When the posts match, word for word, what the devs, blues, etc are posting, or aren’t even a good rewrite and its a poor justification for something…it looks pretty suspicious. And the source should be questioned.

You are kidding, right? It’s a basic marketing principle, Customer Acquisition Vs. Retention Costs. It’s something you learn if you’ve spent any time in the business world, or taken a entry level business course. You want to see a prime example of actiblizz failing to take this principle into consideration, look no further than what they’ve done with world of warcraft. They keep chasing away their existing customer base, with (maybe?) the idea that they’ll somehow be replaced by new customers. Never happened, and all’s they keep doing with their “vision” for the game is drive away customers who were up to that point loyal customers who played and subscribed to their product for years.

Before continuing, a major correction is needed to a major flaw in your response: I never advocated for retention at the expense of attracting new customers. I pointed out that their strategy (focusing exclusively on new customers with nothing for current ones) was not sound based on what most people with any real business experience, or anyone who took even a basic level business course know of the business world.

In fact, if you had actually read my response, you would see how having a well developed tournament mode appeals to BOTH new and current players.

It is relevant. If you consistently ignore what your customers ask for, especially to chase a fad game mode, you run the risk of alienating your customer base. Anyone with even a hint of business experience will tell you that chasing off even a quarter of your existing customer base is a bad idea, because you won’t see those numbers replaced by a sudden influx of new customers.

Just because you don’t see a solution doesn’t mean there isn’t one. Having a game mode that creates a new version of this problem doesn’t fix the issue either. New players still need these cards for it, it doesn’t change anything. The problem is the devs aren’t trying to find these solutions, and dumped a considerable amount of resources into chasing a fad game mode, and will do the same thing somewhere down the road…like an addict chasing a fix.

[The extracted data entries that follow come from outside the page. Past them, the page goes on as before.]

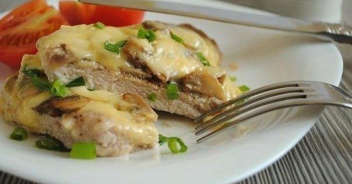 Отбивная с грибами и сыром
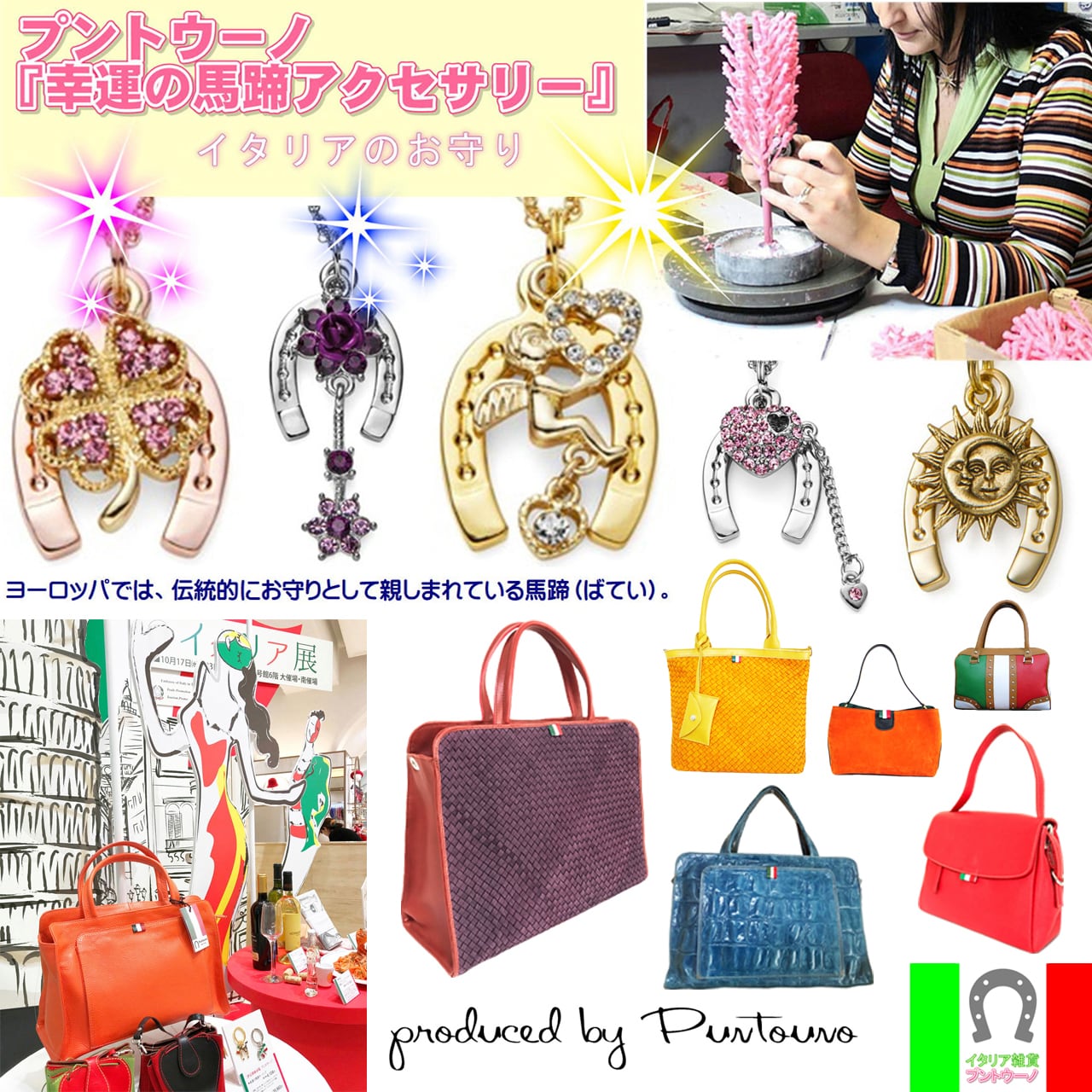 ★イタリア職人が手作業で仕上げた馬蹄に、世界中から集められたラッキーチャームを組み合わせています。
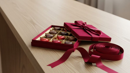 A flat lay of a Valentine chocolate box with chocolates spilling out, set on a soft velvet surface with heart-shaped accents and subtle lighting
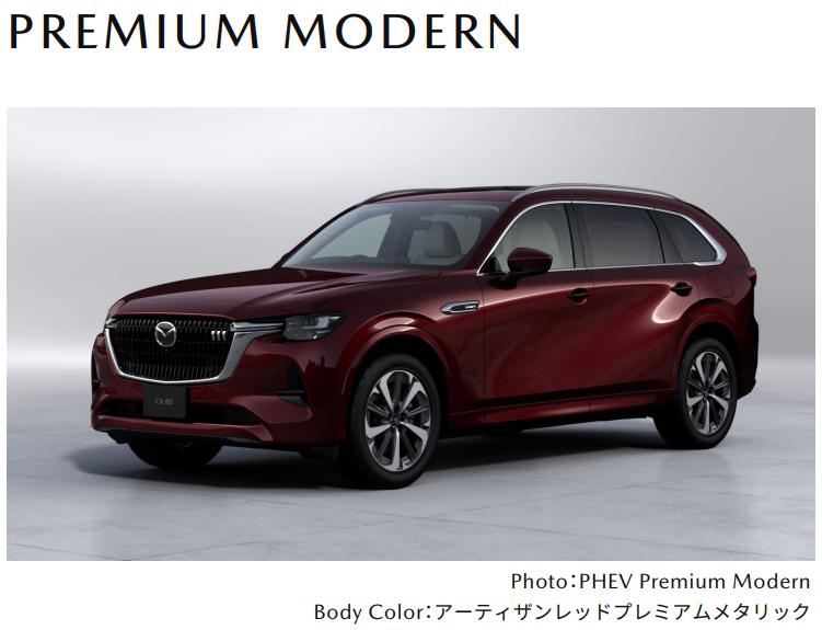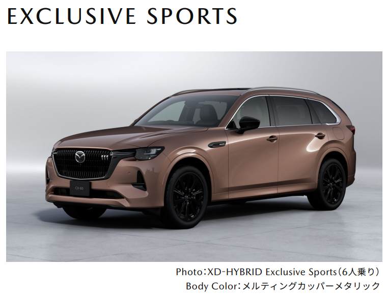 CX-80为马自达新一代CX-两位数字的纵置后驱平台(可选2WD或4WD)三排座中大型SUV,轴距3120mm,有6座或7座可选。 马自达 CX-80 中网右侧的三条短小镀铬饰条为日规版车型的专属标识,提升前脸精致感与辨识度。 SPORT运动版中网签名翼为黑色镀铬,其它版本为银色镀铬。SPORT版轮毂为20寸金属黑,Modern版为20寸金属灰切削,Exclusive Mode和L Package为20寸金属银,S Package为18寸金属灰,XD为18寸金属银。 此外,Sport和Modern版保险杠前唇、轮拱和侧裙与车身同色,电动折叠外后视镜为黑色;其它版本保险杠前唇、轮拱和侧裙为黑色,外后视镜与车身同色。 车身颜色方面,CX-80提供熔融铜金属漆、工匠红高级金属漆、魂动红水晶金属漆、铂金银高级金属漆、流星白高级金属漆、珍珠白云母漆、深水晶蓝云母漆和纯黑云母漆共8种车身颜色,其中工匠红是一款能展现出深邃与质感的红色车漆,为2022年12月发布的马自达6 20周年纪念款上首次采用的车身颜色。#马自达CX80 #CX80 #马自达 #工匠红 #魂动红

It’s a bad business model, and it’s going to hurt the game and the customers.

See previous comment on the first part of the faulty assumptions here. Second, if they actually took the customers’ feedback into consideration, rather than chasing this fad, they might have actually developed something that would have been worthwhile and been attractive to new and existing customers, rather than some flash in the pan that will be a tiresome and boring as that tavern brawl that comes up that people hate playing.

That’s not that I said. Re-read the post. They aren’t working on it period, and according to them, have zero intention of doing so. Additionally, there aren’t a ton of teams doing stuff, they have a finite number of development resources to work on projects. Which means, they can only do a set number of expansions, projects like battlegrounds or dungeons, etc and that’s it. Which means something else lost out to battlegrounds and because of it, we won’t be getting something else in 2020 most likely because of it.

I get the impression you don’t have a lot of experience in business. Having a game mode that is nothing like your core product does not attract people to your product, anymore than offering gym memberships would encourage people to buy a mcdonald’s big mac. They are separate product offerings, and you pair it with something appropriate, like a drink or fries.

Then you basically offer people nothing, which is where we were before battlegrounds. What you follow up with is a lot of assumptions, which is the problem with the current “reason” for dropping it “what if.” It’s nice they dropped it without even showing us what was so horrible about it that they arbitrarily decided to can it without showing us what was soooo bad, they couldn’t give us a real reason why they’ll never come back to it. But it just doesn’t wash. It’s just more excuses, which with this team we need less of when it comes to not following through.

One can only hope. But at this point, they have just abandoned it completely, and haven’t even given us any indication they’re coming back to it.